Determine each ratio as a decimal to four places, then find the angle to the nearest whole number A Ratio Ratio as a decimal Angle sin c 15 cm 8 cm COS C ĐI tan C С 17 cm B COS 8 sin B

To find the ratios as decimals and their corresponding angles, we need to perform some trigonometric calculations based on the provided measurements of a right-angled triangle ABC (assuming it is a right-angled triangle with angle C being the right angle):

1. **sin C** - We have opposite side = 8 cm and the hypotenuse = 15 cm. Therefore, sin C = opposite/hypotenuse = 8/15 ≈ 0.5333 (to four places).
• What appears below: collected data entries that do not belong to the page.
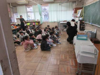 左は、読み聞かせの様子です。各クラスに、保護者の皆様がお越しいただき、読み聞かせをしてくださいました。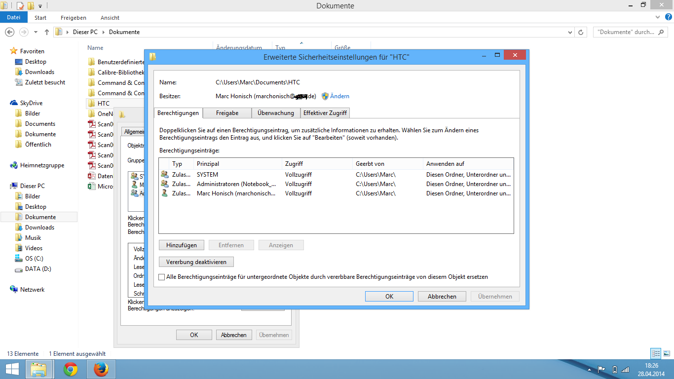 Des Ordners vielleicht, aber nicht aller darin enthaltenen Dateien und Unterordner. Du willst auf "Ändern" klicken, neben deinem Benutzernamen und dann "Besitzer der Objekte und untergeordneten Container ersetzen". Siehe hier: http://blog.blackseals.net/wp-content/uploads/2013/02/windows8_systemdata_uebernahme.jpg Das gleiche machste danach noch für die Berechtigungen und dann bist du deinen Ordner los.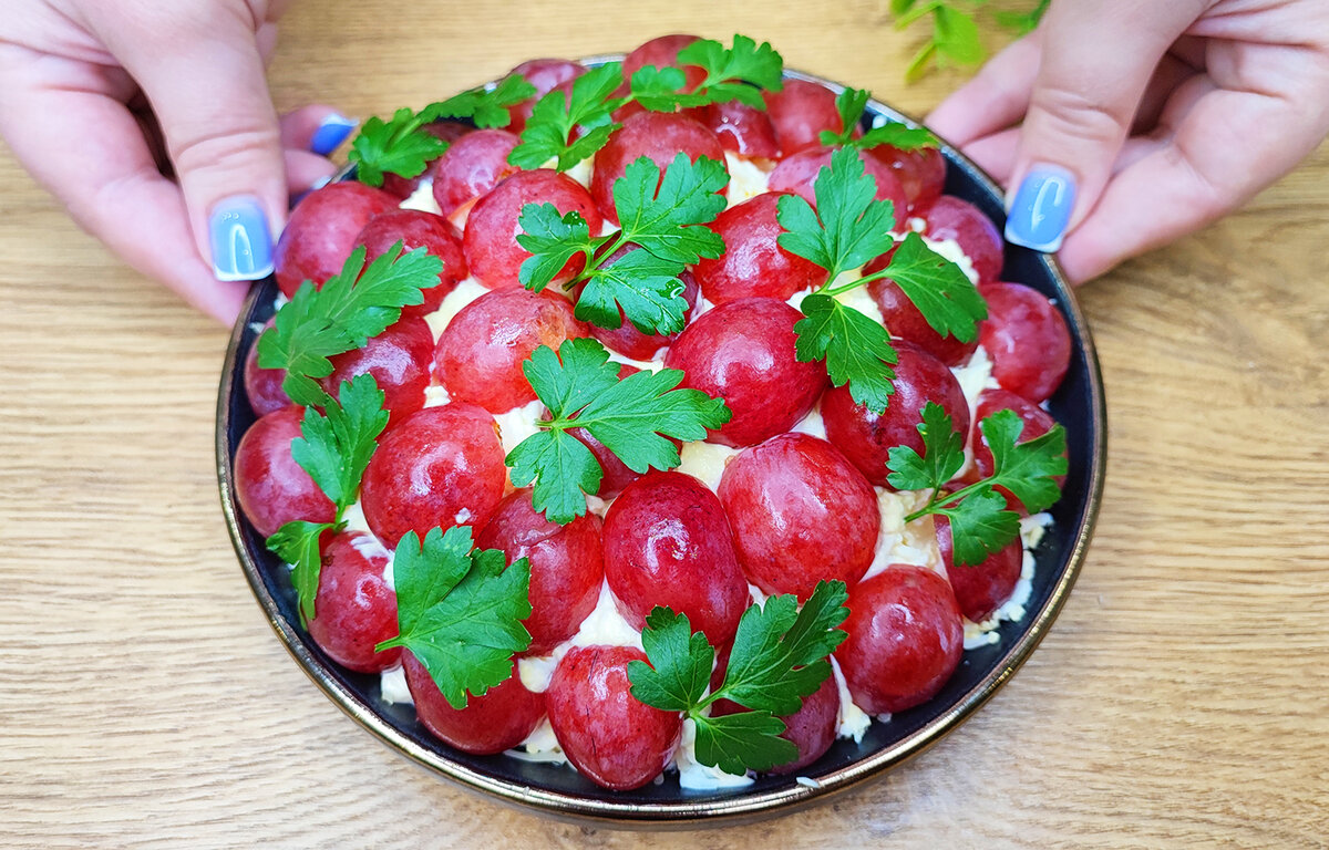 Этот салат удивляет не только своим ярким оформлением, но и сочетанием простых ингредиентов, которые доступны всем. Виноград, сыр и орехи создают гармоничное и запоминающееся сочетание, которое оценят все — от детей до взрослых. К тому же, его легко готовить!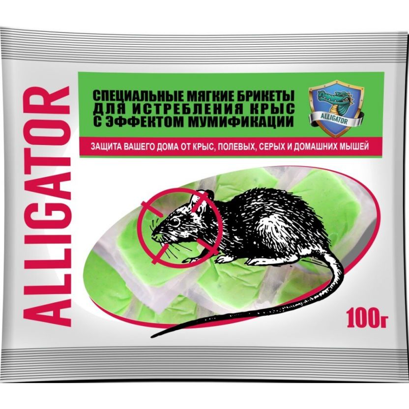 Родентицид Аллигатор - готовая зерновая приманка для уничтожения всех видов крыс и мышей.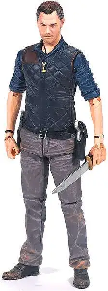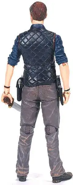 The charismatic leader of the seemingly utopian town of Woodbury, The Governor plays the role of stern, but just, leader–a hero and source of confidence and hope to the people he protects. But, the role he plays and the man he truly is are too very different things. Beneath his well-meaning facade is man capable of acts of violence and dread that could make even a Walker’s skin crawl. This action-figure includes 22 points of articulation, an alternate head without eyepatch, pistol with hip holster, hunting knife with sheath, and large knife.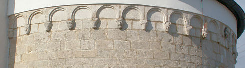 Am Rundbogenfries der romanischen Kirche von Weißendorf befinden sich außen an der Apsis 22 Konsolfiguren, elf Menschen- und elf Tierköpfe.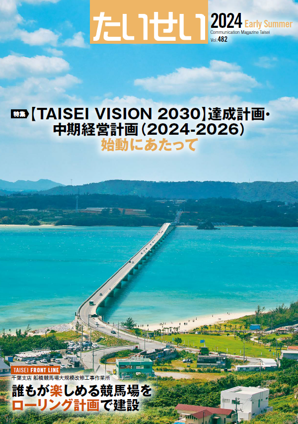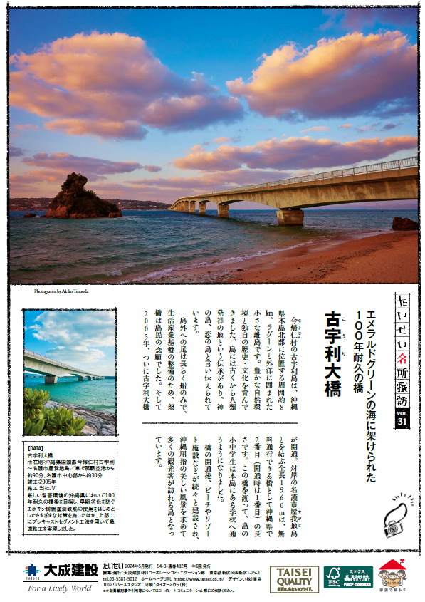 表紙と表4が連動する「たいせい名所探訪」は、新旧を問わず、当社が施工した物件の現在を撮り下ろすことで、「人がいきいきとする環境を創造する」という当社のグループ理念を社員に身近に感じてもらう企画です。この号では、沖縄北部の離島、古宇利島に架かった古宇利大橋をピックアップし、景観に溶け込んだ美しい姿を掲載しました。表4では建設の意義や施工の工夫を紹介し、社員やご家族が「実際に行ってみたい」「お父さん・お母さんの会社ってすごいね!」と思ってもらえることを目指しています。読者アンケートでも人気の企画です。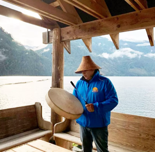 Guests are welcomed with a traditional Klahoose greeting. Photo courtesy of Klahoose Wilderness Resort.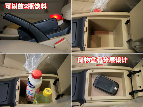 本以為多變的中央扶手處可以彌補(bǔ)較小的手套箱空間,結(jié)果仍舊讓我們失望。不過(guò)值得一提的是,新景程中央儲(chǔ)物盒采用分層設(shè)計(jì),這樣的設(shè)計(jì)還是很能打動(dòng)人的,放個(gè)手機(jī)很輕松。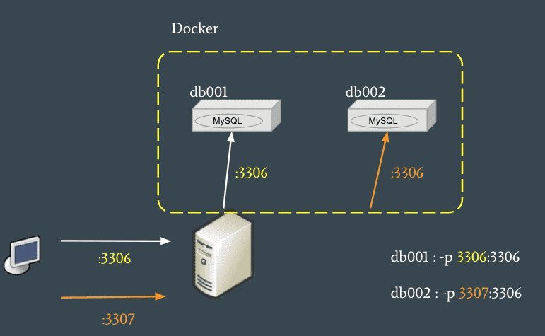 위와 같이 매핑된 경우에는 docker host로 3307 포트로 입력되는 트래팩은 db002 container의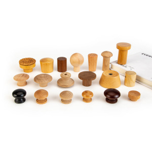 無垢材単穴木製ハンドルワードローブドアキャビネット引き出し表面実装ラウンドソリッドブラックウォールナット木目ハンドル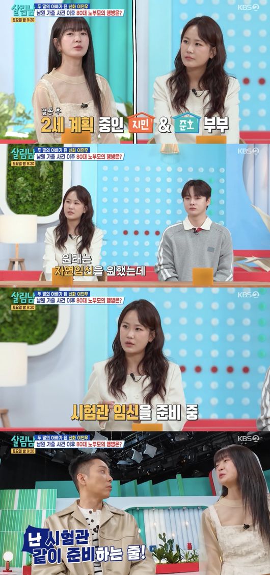 이날 이요원은 “2세계획 중이라고 하던데 준비 잘 되시냐”라고 물었다. 김지민은 “원래는 자연 임신 시도하려고 했으나 저희가 둘다 노산이라서 얼마 전에 시험관 시술하기 전에 나팔관 조영술을 했다. 말도 안되는 아픔을 겪었다”라고 밝혔다.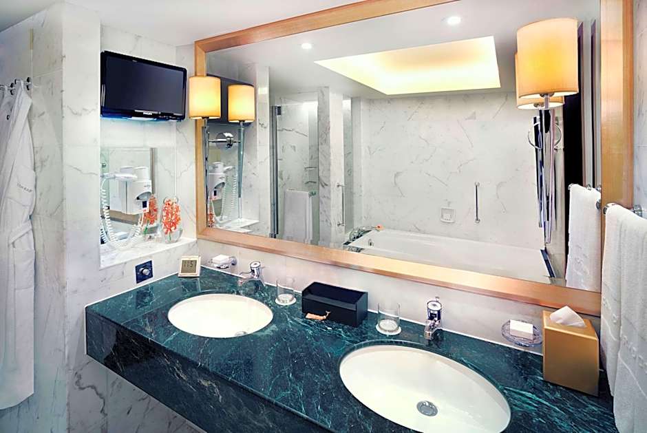Located from the 40th floor and above, guests can admire panoramic views of the stunning Hong Kong skyline from the comfort of this Deluxe guest room. The room offers twin beds and a TV. The elegant marble bathroom comes with a double sink, deep-soaking bath and separate shower and toilet. Other features include a workstation, tea/coffee making facilities and a fluffy bathrobe and slippers.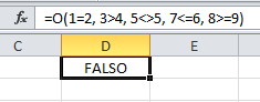 Si analizas con detenimiento cada una de las expresiones verás que todas son falsas y por lo tanto la función O devolverá el valor FALSO. Observa el resultado:
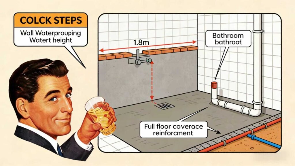 Waterproofing is critical. Key details: Shower area walls need waterproofing up to 1.8m, non-shower areas 1.5m, and full floor coverage. Apply 2-3 coats of waterproof paint, with a 24-hour water test after each coat. Strengthen waterproofing at pipe junctions, a high-leakage area.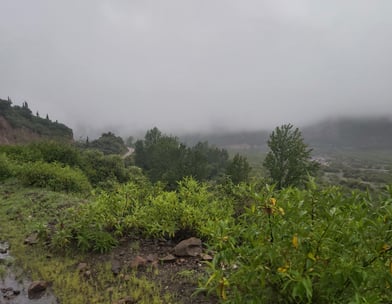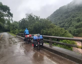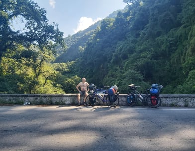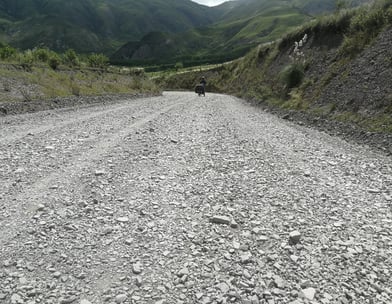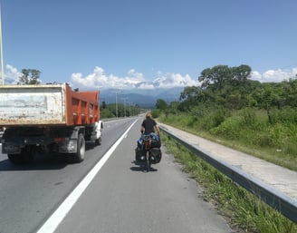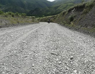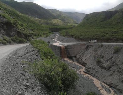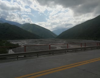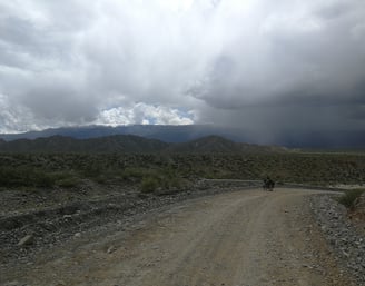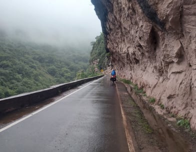 Anfangs haben wir noch einen tollen Blick ins Tal, dann wird aus der leichten Bewölkung Nebel, irgendwann beginnt es zu regnen, und auf der Passhöhe fehlt nicht viel zum Schneefall. Unsere Hoffnung auf tolle Gipfelblicke und dass wir auf der anderen Seite in die Sonne hinunterrollen können, erfüllt sich nicht. Im Gegenteil: hier tobt ein heftiger Wind, es regnet und gewittert, und auf den nächsten Kilometern ist die Straße vielerorts von Schlamm und Erdrutschen bedeckt. Zum Teil müssen wir uns unterstellen, so heftig ist das Wetter. Mühsam bahnen wir uns den Weg gegen Wind und Regen. Die Straße auf dieser Seite des Bergs ist lausig, es schüttelt uns heftig durch.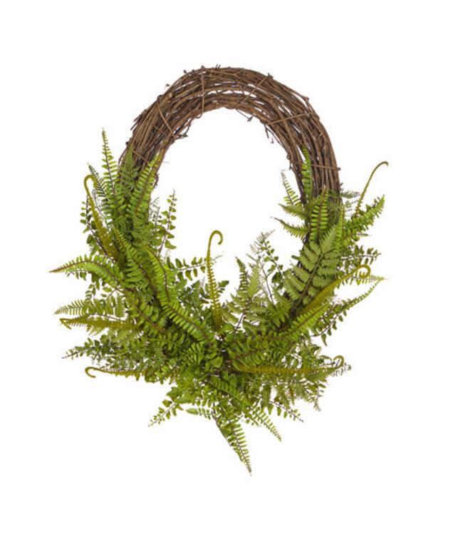 Hang the Oval Mixed Fern Wreath anywhere for a pop of natural color and dimension. Bring a verdant touch to the entryway with this lovely oval wreath, or use it to spruce up a wall gallery display.Â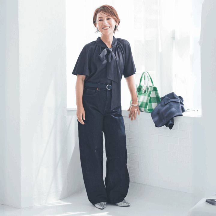 【60代デニム】低身長でもトレンドの太めシルエットパンツを着こなせる?スタイリストMaikoさんのアドバイスでさらに洗練されたスタイルに!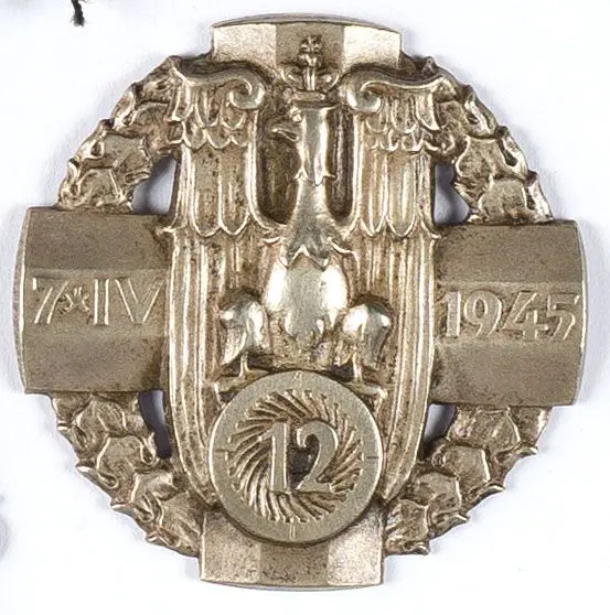 12 Pułk Artylerii Ciężkiej - biały metal, 41,5 x 41,5 mm, nakrętka sygn. Larioli.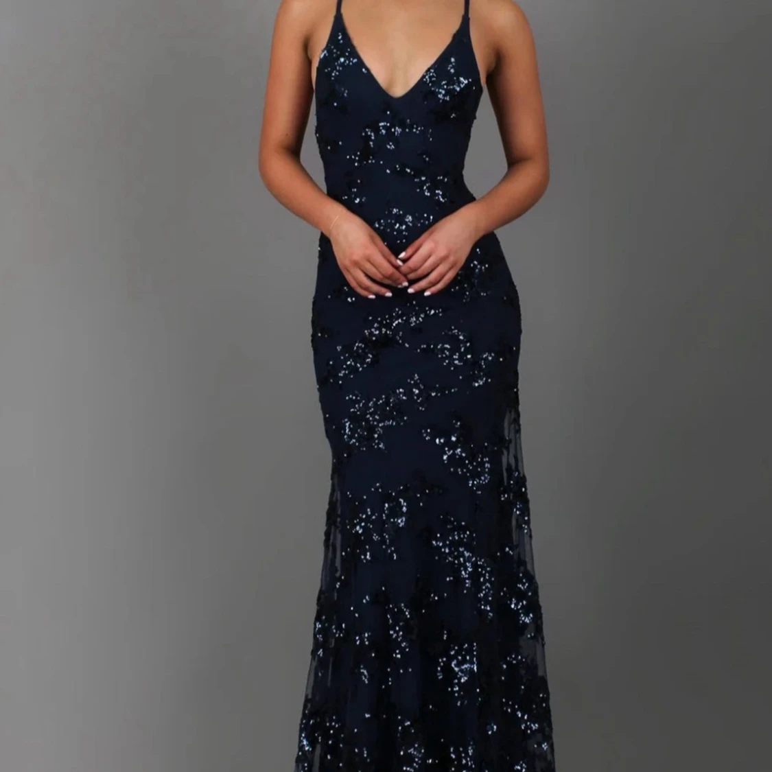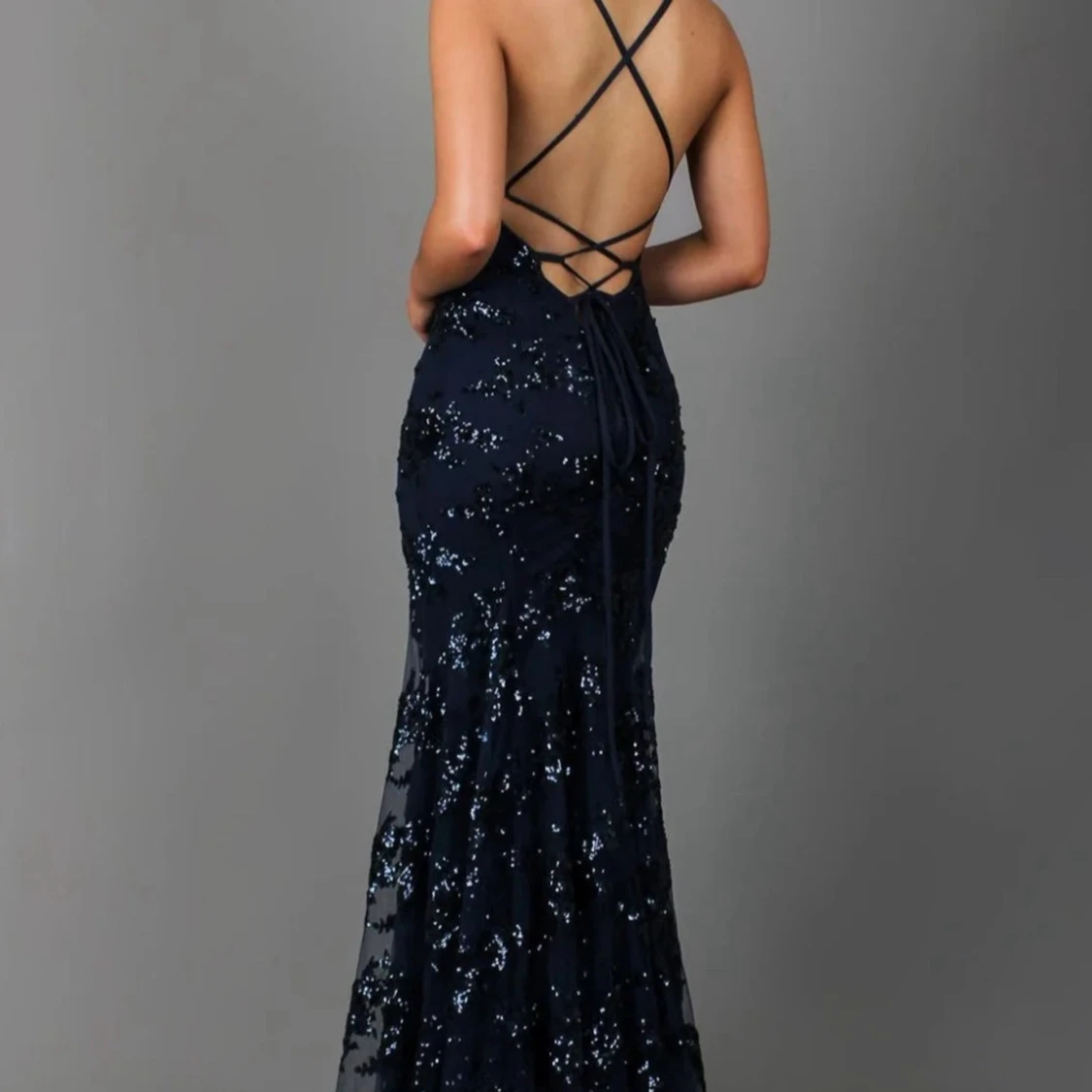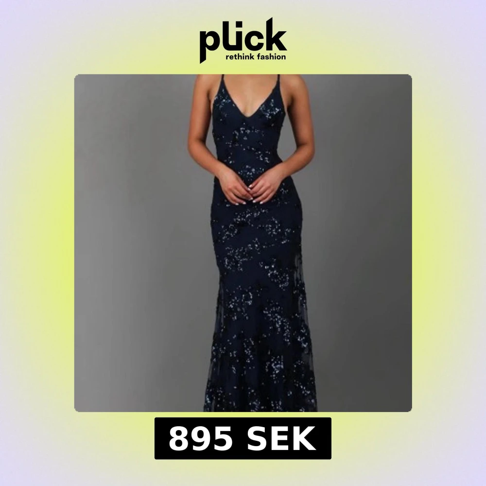 Supersnygg marinblå balklänning med smala axelband och öppen rygg med snörning. Klänningen är täckt av glittriga paljetter och har en figurnära passform som ger en elegant siluett. Perfekt för bal eller festliga tillfällen när du vill sticka ut. Aldrig använd då den ej passade 🩷

To find the angle C, we'd use the inverse sine function (arcsin), but since C is a right angle in our assumption, this step wouldn't be necessary. However, if we are required to find the angle C that isn't a right angle (which is contradictory with initial assumptions), we would use: C = arcsin(0.5333) ≈ 32.3° (to the nearest whole number would be 32°).

2. **cos C** - This is the adjacent side over the hypotenuse. Since angle C is the right angle, cos C is actually 0, as cosine of 90 degrees is 0. If angle C is not 90 degrees and we have the adjacent side measurement, we would need that value.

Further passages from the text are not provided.